* _What you will do_: Each line, starting at the one with "(2)接触器触头开距和超程的" and running to the end of the data below, is to be set down again exactly, both ends included; leave pictures out.

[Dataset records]
*** Block opens ***

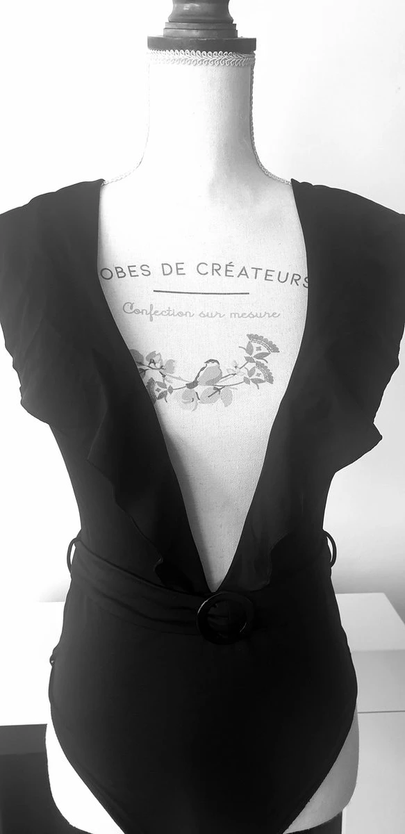 Zwarte badpak van Lycra met V hals volants voor en achter met riem aan centuur.
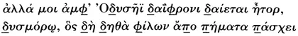 (But the heart in me is torn for the sake of wise Odysseus, unhappy man, who still, far from his friends, is suffering.)
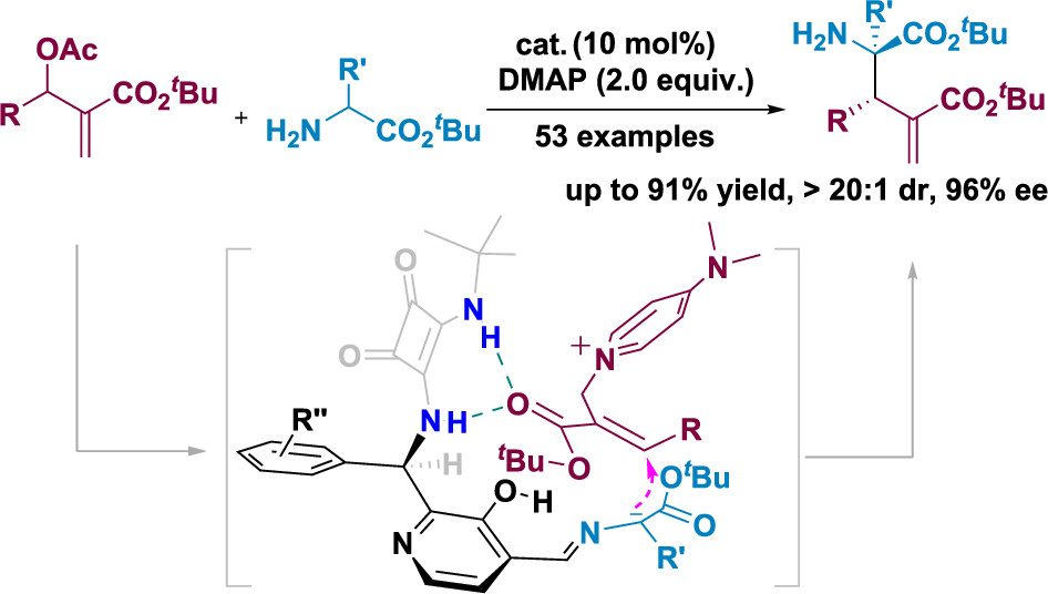 赵宝国教授和肖晓教授团队基于仿生羰基催化策略,设计并开发了一类全新的中心手性吡哆醛催化剂,该催化剂具有扩大的手性空腔和调控性强的立体结构,在温和条件下成功实现了未保护α-取代甘氨酸酯与MBH醋酸酯的直接不对称α-C烷基化反应,以良好的收率和优秀的立体选择性构建了一系列含有α-季碳手性谷氨酸衍生物。该研究展示了吡哆醛催化剂在不对称催化领域的强大作用,进一步丰富了吡哆醛催化剂的种类,拓展了基于维生素B6的仿生催化化学。
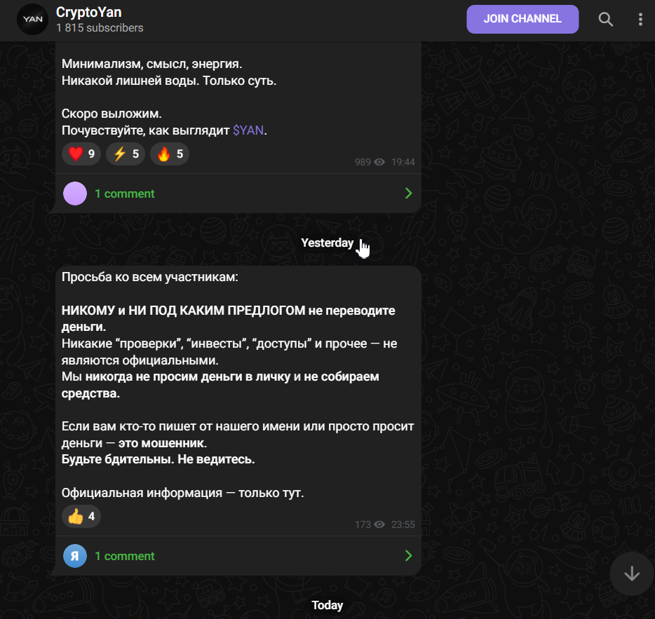 CryptoYan – это новый TON-токен для торговли. Доступ к официальному сайту блокируется интернет-провайдеров, но деятельность проекта продолжается благодаря резервному адресу и в Телегамм. В обзоре проанализируем риски и перспективы покупки актива, изучим статистику подписчиков и их активность на канале и в чате.
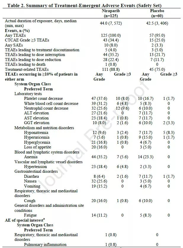 安全性:两组中位暴露时间分别为44天和42.5天,中位治疗强度均为200 mg/d,两组分别有100%和95%的患者出现任何级别的全因治疗相关不良反应。尼拉帕利组和安慰剂组严重不良反应发生率分别为8%和3.3%,3度及以上不良反应发生率分别为34.4%和25.0%,治疗相关的不良反应分别导致4%和5%的患者治疗终止(图3)。
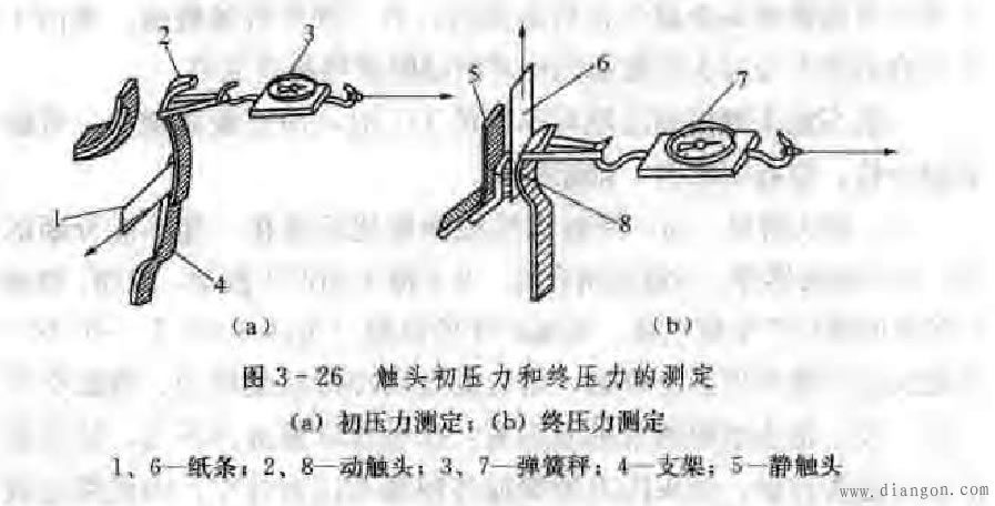 (2)接触器触头开距和超程的调整。触头开距,是指触头处于完全断开位置时。动、静触头间的最短距离,如图3一27(a)所示,其作用是保证触头断开之后有必要的安全绝缘问隔,超程。是指接触器触头完全闭合后,似设将静(或动)触头移开时.动(或静)触头能继续・移动的距离,如图3一27(c)所示。其作用是保证触头磨损后仍能可靠地接触.即保证触头压力的最小值。当超程不符合规定时.应更换新触头。
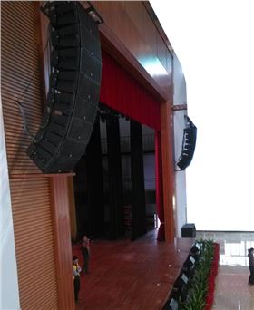 其次,极悦娱乐音响厂家从建筑构造设计上充分考虑了整体建筑的节能环保的设计理念,为能与前期的节能环保理念相结合,在方案设计中,音响设备的布置方式上也充分考虑这一理念。此设计配置的该多功能舞台音响系统时,采用集中与分散相结合的扩声方式。为了使观众区里不同位置的观众能听到同等素质的声音,在多功能舞台台口上方左、右各设一组线阵音响系统,每组由8只双10寸线阵音箱和3只单15寸低音炮组成,在台唇位置设置4只10寸全频音箱,作为补声音响,还配置了6只12寸全频音箱做为舞台返听音箱。

*** Block closes ***

* _Solution to this exercise_:
 (2)接触器触头开距和超程的调整。触头开距,是指触头处于完全断开位置时。动、静触头间的最短距离,如图3一27(a)所示,其作用是保证触头断开之后有必要的安全绝缘问隔,超程。是指接触器触头完全闭合后,似设将静(或动)触头移开时.动(或静)触头能继续・移动的距离,如图3一27(c)所示。其作用是保证触头磨损后仍能可靠地接触.即保证触头压力的最小值。当超程不符合规定时.应更换新触头。
 其次,极悦娱乐音响厂家从建筑构造设计上充分考虑了整体建筑的节能环保的设计理念,为能与前期的节能环保理念相结合,在方案设计中,音响设备的布置方式上也充分考虑这一理念。此设计配置的该多功能舞台音响系统时,采用集中与分散相结合的扩声方式。为了使观众区里不同位置的观众能听到同等素质的声音,在多功能舞台台口上方左、右各设一组线阵音响系统,每组由8只双10寸线阵音箱和3只单15寸低音炮组成,在台唇位置设置4只10寸全频音箱,作为补声音响,还配置了6只12寸全频音箱做为舞台返听音箱。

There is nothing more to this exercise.